Mangling XML as Text with PHP DOM

Recently I had to do some mass-conversion of HTML files to DITA XML — material I’d written for the upcoming JavaScript Ultimate Reference (the third, and arguably most complicated, part of the SitePoint Reference).

But a problem I came across several times was the sheer complexity of recursive element conversion — <code> becomes <jsvalue> (or one of a dozen similar elements), <a> becomes <xref> … and that’s all simple enough; but each of these elements might contain the other, or further child elements like <em>, and as we walk through the DOM so the incidence of potential recursion increases, until it gets to the point where my brain explodes.

There’s a limit to how much recursion I can get my head around — or rather — a limit to how much I’m prepared to get my head around before I just go the heck with this, why can’t I mangle it as text with regular expressions!?

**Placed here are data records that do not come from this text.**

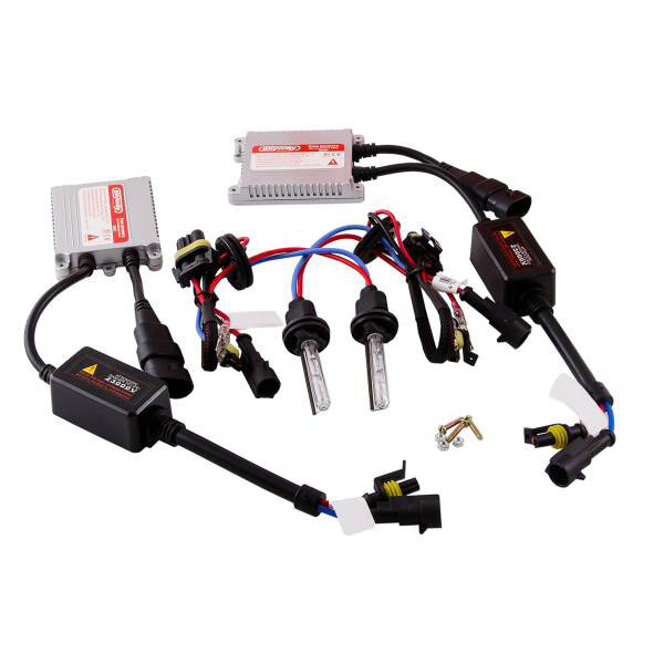 Система освещения с ксеноновыми лампами состоит из: Непосредственно самих ксеноновых ламп, блоков розжига высокого напряжения, блоков переключения ближнего-дальнего света (би ксенон) и электропроводов. Ксеноновая лампа отличается от обычных ламп накала, в ксеноновой лампе нет никаких спиралей накала, в специальной колбе лампы между двумя электродами находится благородный инертный газ - ксенон. Когда на электродах появляется высокое напряжение, то в колбе лампы между электродами начинает протекать переменный ток, в следствии чего создаётся свечение инертного газа. В отличие от ламп накаливания, ксеноновые лампы не нагреваются д
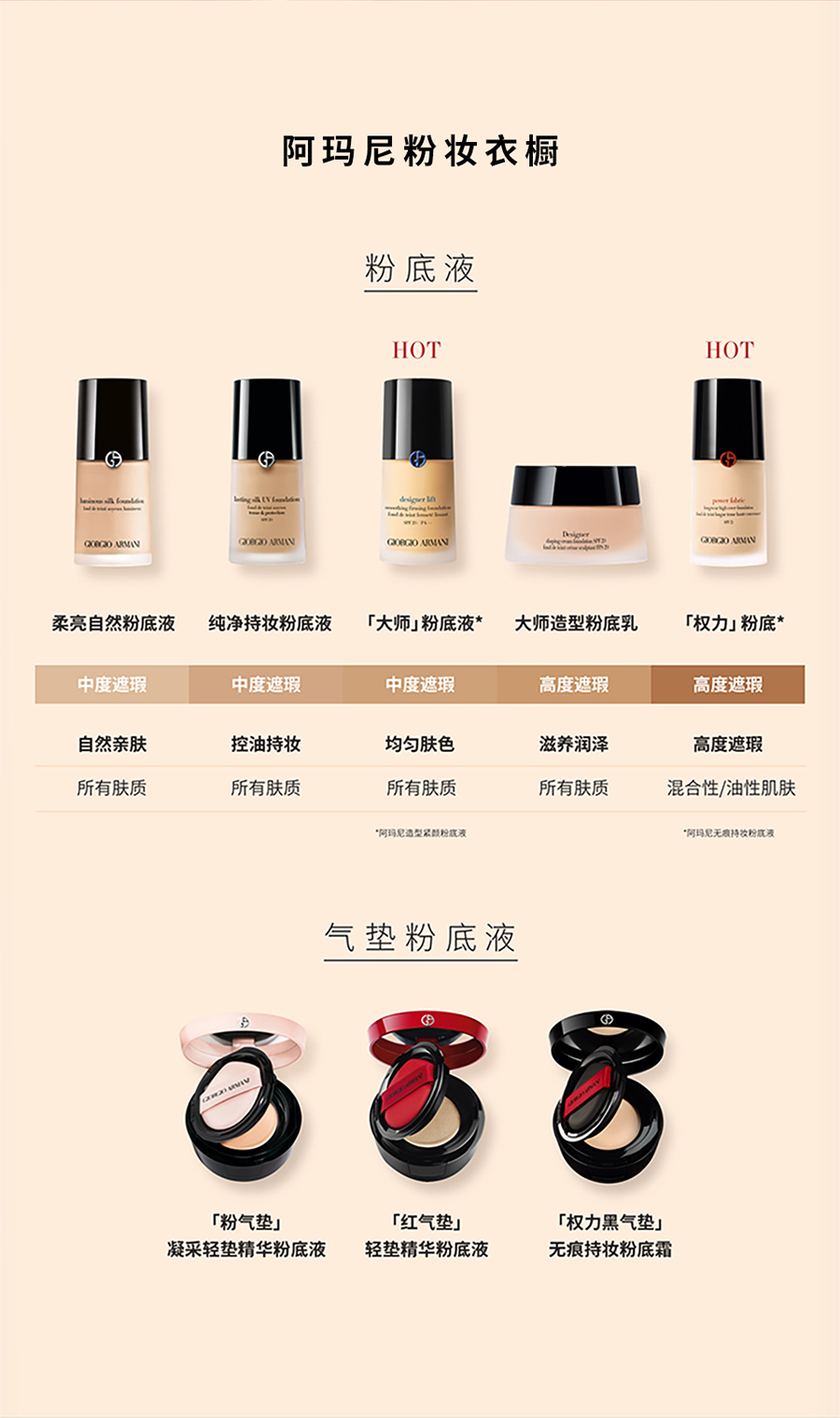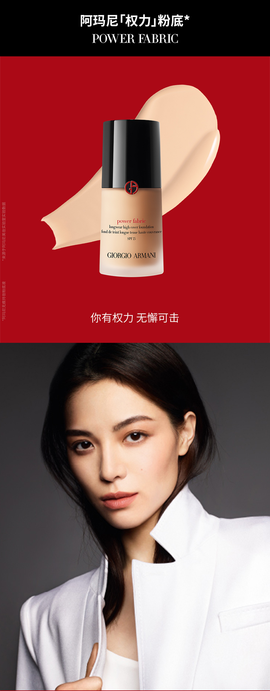 GIORGIO ARMANI创制全新Power Fabric持久零瑕粉底液,集持久遮瑕与轻盈透亮效果于一身,塑造完美肤色,恍如第二层肌肤般均匀剔透,无论任何情况下依然亮丽无瑕。power fabric经悉心研制,采用崭新技术,细致遮盖瑕疵,营造均匀剔透肤色,不着痕迹。无重质感修饰肌肤之余,塑造哑致持久一整天
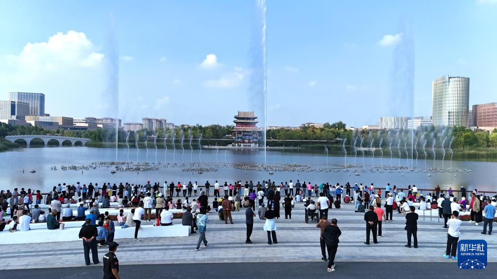市民和游客在雄安新区金湖公园内游览(2025年10月3日摄,无人机照片)。
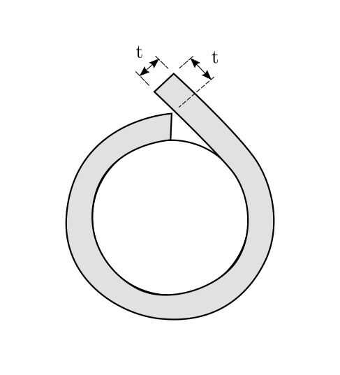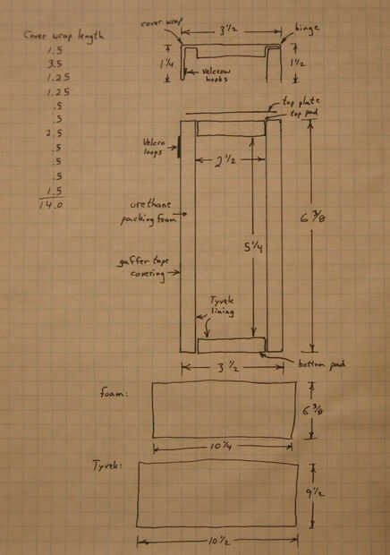 Dibujar un croquis con las dimensiones. Sugiero una mitad de pulgada de espesor de la espuma, pero puede ajustar dependiendo de cuánto espacio que tienes y cuánta protección usted cree que necesitan. La duración de la espuma necesaria para envolver alrededor de la lente depende de la circunferencia efectiva. Te sugiero cortar la espuma un poco más larga y corte como se muestra en la siguiente figura. Las cuentas de la longitud adicional (un poco más que el espesor de la espuma) para dos efectos: primero, en el cilindro final la superficie interna entera de la espuma es por compresión, mientras que para esto envuelve forma parte de la espuma es recta, y por esa parte la superficie interna es relajada. En segundo lugar, están aplicando presión para obtener la espuma para conformarse con el mandril, que queremos el cilindro final sólo tocarlo sin aplicar ningún tipo de presión. Usted puede cortar una tira estrecha de la prueba (de un una pulgada "tubo largo") y compruebe que sólo se desliza sobre la guarnición de Tyvek. El revestimiento debe ser aproximadamente tres pulgadas de más y una media pulgada más largo que la espuma.
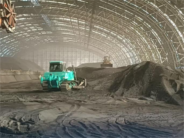 為進(jìn)一步優(yōu)化煤場作業(yè)效率,該電廠近期引入了山推兩臺DE26-X2電動(dòng)推土機(jī)與一臺LE60-X3電動(dòng)裝載機(jī),用于煤炭堆場的堆料與推運(yùn)管理。面對煤堆高、坡度陡等復(fù)雜地形,山推電動(dòng)推土機(jī)憑借強(qiáng)勁的輪邊直驅(qū)電機(jī)系統(tǒng),實(shí)現(xiàn)了動(dòng)力充沛、響應(yīng)靈敏的爬坡作業(yè)。同時(shí),高密封性駕駛室配合進(jìn)氣過濾系統(tǒng),有效隔絕揚(yáng)塵對作業(yè)人員健康的影響,提升了整體作業(yè)舒適度與安全性。
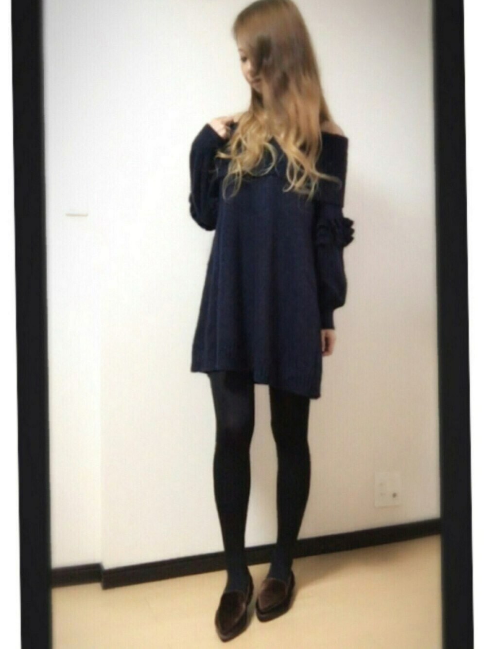 一目惚れニットワンピ♡ 赤か迷ったんだけど 無難なネイビーに行くところが まだ挑戦心が足りない私…笑 でもブラウンのシューズと合わせて 大人っぽく着れるからよしとしよう♪ オフィショルで着るのが可愛いけど もちろんそうじゃなくても大丈夫゚+.(・∀・)゚+.゚ 腕のフリルと形に特徴があって とにかく可愛い!笑 ブラウジングしてパンツに合わせるのも よさそうなので今度やってみよー(ノ∀`)
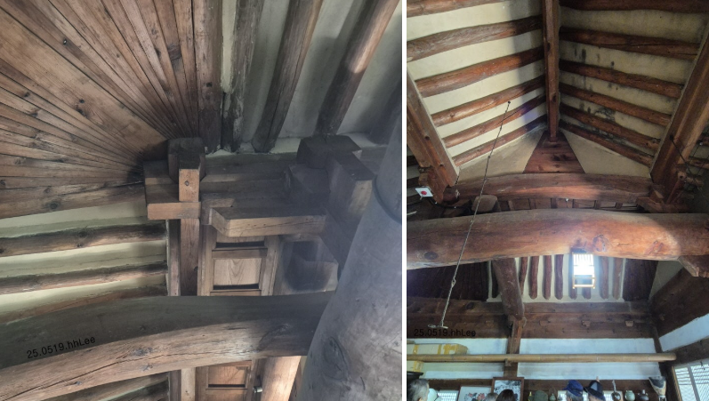 <만산고택 별채 칠류헌(七柳軒)의 서까래와 대들보>
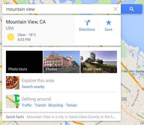 It's much easier than using Google Search to find a place and then switching to Google Maps and searching for it.
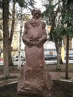 В 1972-м во дворе усадьбы на Пречистенке установили памятник Толстому, выполненный мастером Сергеем Меркуловым в 1911—1914-х годах[12]. Скульптор стремился передать философские и религиозные взгляды писателя через обтекаемость форм фигуры монумента. Однако памятник не понравился родственникам писателя и простоял в мастерской до 1928 года. Впоследствии его поместили на Девичье поле рядом с усадьбой Толстого в Хамовниках. Лишь в 1972 году памятник был установлен во дворе главного здания музея[13].
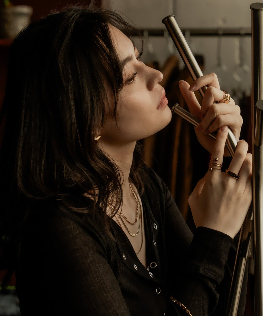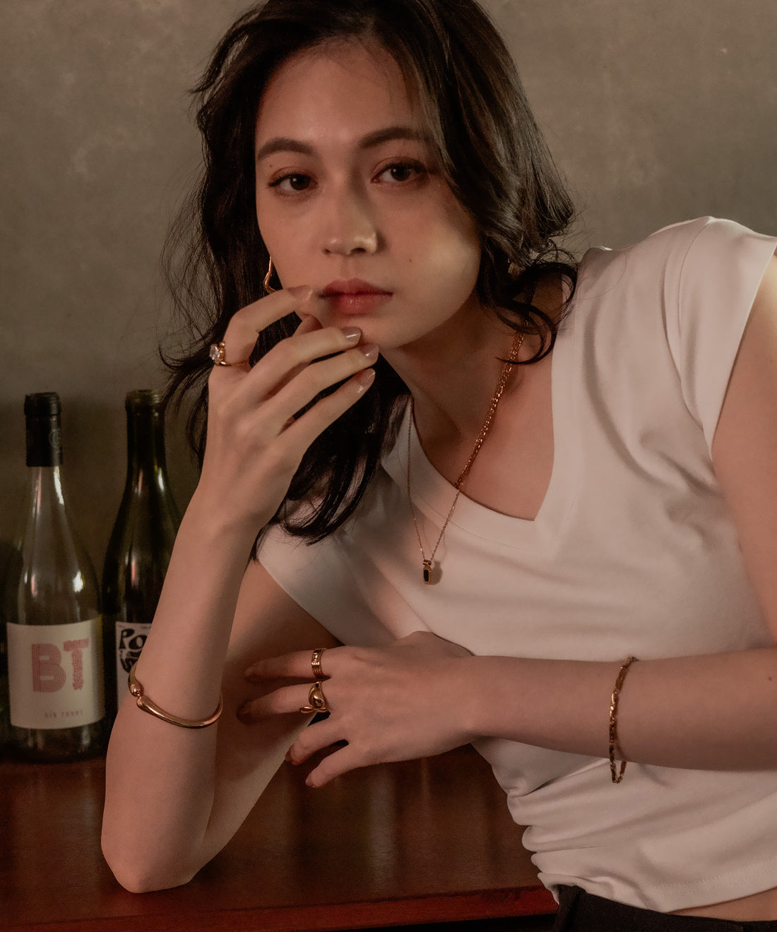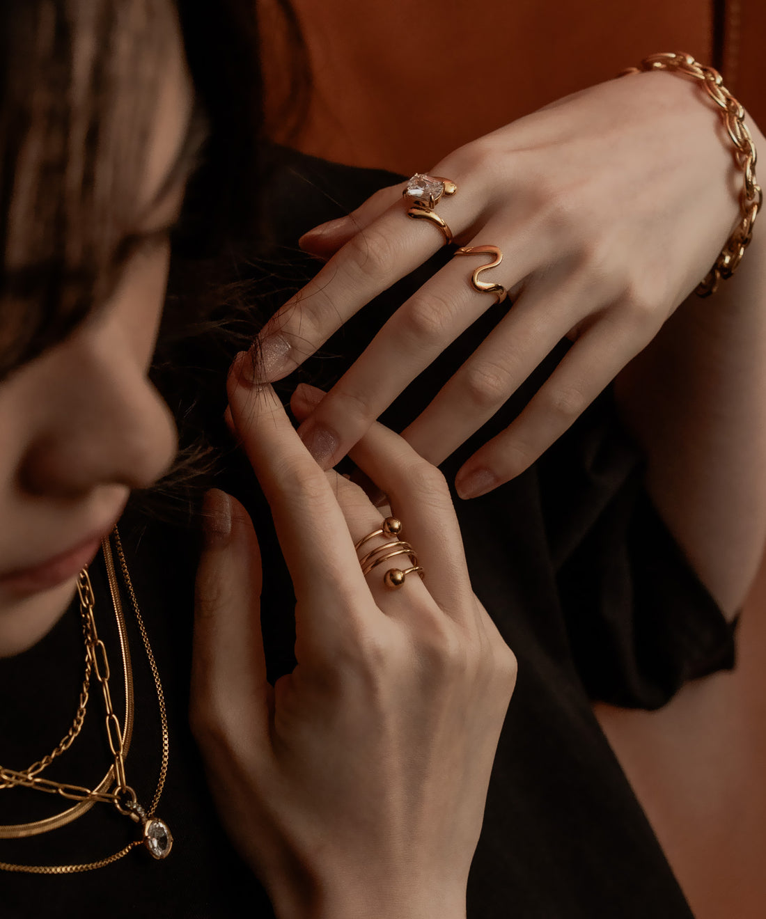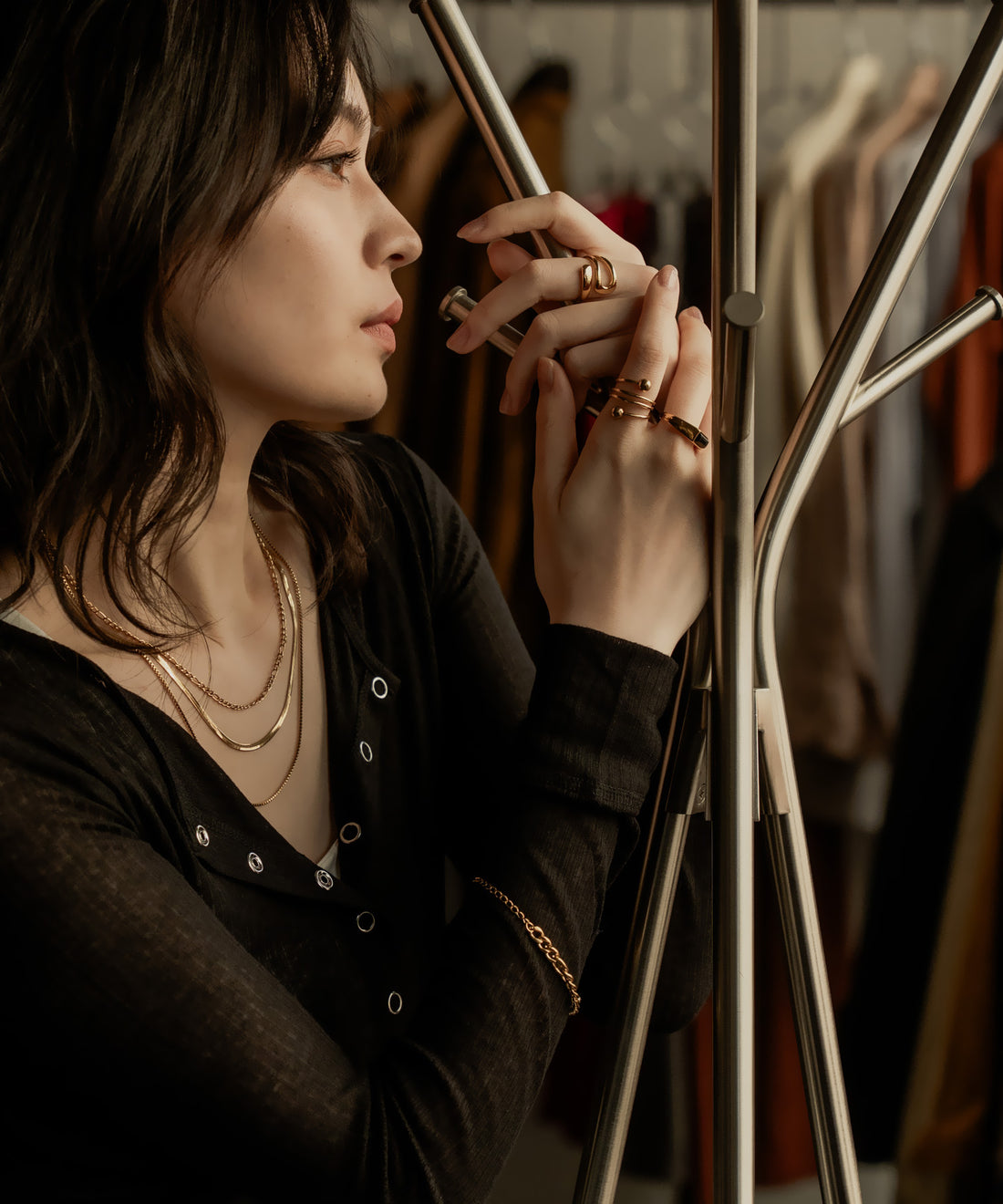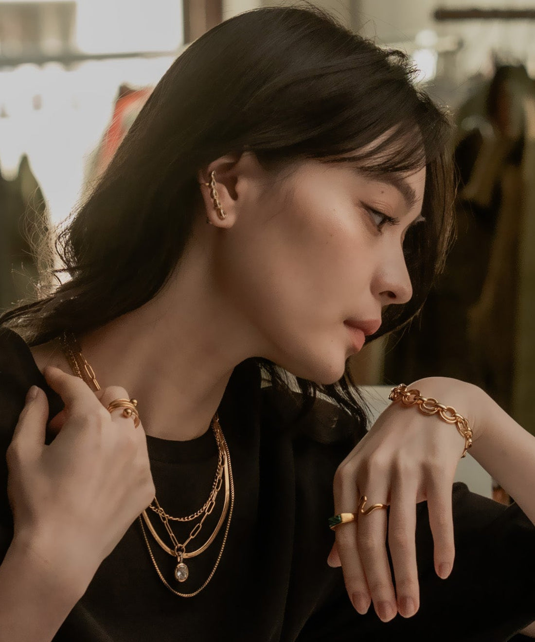 Blackストーンレイヤードネックレス【Gold×Black】

Unfortunately there doesn’t seem to be a way with PHP DOM to get the text equivalent of any arbitrary node, but we can do that at the Document or DocumentFragment level; so with a little toying-around I came up with a way to leverage that capability and make it work at the Node level.

So for example, let’s begin with this XML:

<?xml version="1.0" encoding="utf-8"?>
<root id="introduction">
	<div class="section">
		The fundamental data type is <code>Node</code>
	</div>
</root>

We have a reference to its DOM saved to a PHP variable called $xmldom. And we want to parse it so that the <code> element becomes a <jstype>, and the <div class="section"> becomes simply <section>, all without affecting the rest of the document.

Here’s the complete code to do it, which I’ll then talk through stage by stage:

$node = $xmldom->documentElement->firstChild;

$doc = new DOMDocument();
$doc->loadXML('<xmltext/>');
$node = $doc->importNode($node, true);
$doc->documentElement->appendChild($node);
$xmltext = ereg_replace('^.*<xmltext>(.*)</xmltext>.*$', '\1', $doc->saveXML());

$xmltext = ereg_replace('<([/]?)code>', '<\1jstype>', $xmltext);
$xmltext = ereg_replace('<([/]?)div[^>]*>', '<\1section>', $xmltext);

$node = $xmldom->createDocumentFragment();
$node->appendXML($xmltext);

$xmldom->documentElement->replaceChild($node, $xmldom->documentElement->firstChild);

In the first step we get a reference to the element we want to work with, and save it to $node.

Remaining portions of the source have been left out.